[[ Data for the task, beginning ]]

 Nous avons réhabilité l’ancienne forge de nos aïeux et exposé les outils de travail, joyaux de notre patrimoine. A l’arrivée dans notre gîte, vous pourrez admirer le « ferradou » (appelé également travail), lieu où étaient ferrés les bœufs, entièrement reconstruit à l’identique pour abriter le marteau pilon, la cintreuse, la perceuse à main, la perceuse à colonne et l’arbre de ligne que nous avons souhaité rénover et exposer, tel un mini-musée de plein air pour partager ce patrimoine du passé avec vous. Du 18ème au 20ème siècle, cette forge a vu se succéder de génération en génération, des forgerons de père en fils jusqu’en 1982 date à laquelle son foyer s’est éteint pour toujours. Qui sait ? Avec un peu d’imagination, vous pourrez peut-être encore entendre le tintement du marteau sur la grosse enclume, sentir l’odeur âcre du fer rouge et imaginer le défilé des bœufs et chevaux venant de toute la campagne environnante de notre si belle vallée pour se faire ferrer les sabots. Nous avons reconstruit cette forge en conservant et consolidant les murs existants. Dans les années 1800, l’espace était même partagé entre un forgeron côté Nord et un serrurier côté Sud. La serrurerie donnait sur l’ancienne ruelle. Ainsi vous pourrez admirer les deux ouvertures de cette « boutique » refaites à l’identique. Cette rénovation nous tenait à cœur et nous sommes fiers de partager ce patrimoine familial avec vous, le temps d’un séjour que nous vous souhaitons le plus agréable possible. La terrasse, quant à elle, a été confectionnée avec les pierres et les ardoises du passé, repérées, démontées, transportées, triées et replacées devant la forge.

[[ Data for the task, end ]]
[[ Data for the task, beginning ]]

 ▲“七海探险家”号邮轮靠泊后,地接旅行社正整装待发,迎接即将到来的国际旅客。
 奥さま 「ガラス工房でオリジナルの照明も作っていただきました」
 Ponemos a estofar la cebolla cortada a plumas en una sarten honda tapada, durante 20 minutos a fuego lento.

[[ Data for the task, end ]]
[[ Data for the task, beginning ]]

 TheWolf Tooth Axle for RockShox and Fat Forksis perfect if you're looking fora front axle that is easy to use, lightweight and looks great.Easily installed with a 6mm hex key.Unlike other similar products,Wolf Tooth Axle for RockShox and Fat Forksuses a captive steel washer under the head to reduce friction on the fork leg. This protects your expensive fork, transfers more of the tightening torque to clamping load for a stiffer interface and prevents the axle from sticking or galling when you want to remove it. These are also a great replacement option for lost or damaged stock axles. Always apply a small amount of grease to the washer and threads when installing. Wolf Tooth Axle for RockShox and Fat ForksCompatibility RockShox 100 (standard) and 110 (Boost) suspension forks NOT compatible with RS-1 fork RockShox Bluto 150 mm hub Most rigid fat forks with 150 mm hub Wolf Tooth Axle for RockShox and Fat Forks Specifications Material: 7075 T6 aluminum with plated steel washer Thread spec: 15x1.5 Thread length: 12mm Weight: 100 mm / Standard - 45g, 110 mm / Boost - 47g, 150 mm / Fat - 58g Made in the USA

[[ Data for the task, end ]]

■ **Exercise**: Please give an exact copy of the entries above, from the line with "奥さま 「ガラス工房でオリジナルの照明も作っていただきました」" down to the line with "Ponemos a estofar", inclusive, and nothing else.

■ **Your solution**:
 奥さま 「ガラス工房でオリジナルの照明も作っていただきました」
 Ponemos a estofar la cebolla cortada a plumas en una sarten honda tapada, durante 20 minutos a fuego lento.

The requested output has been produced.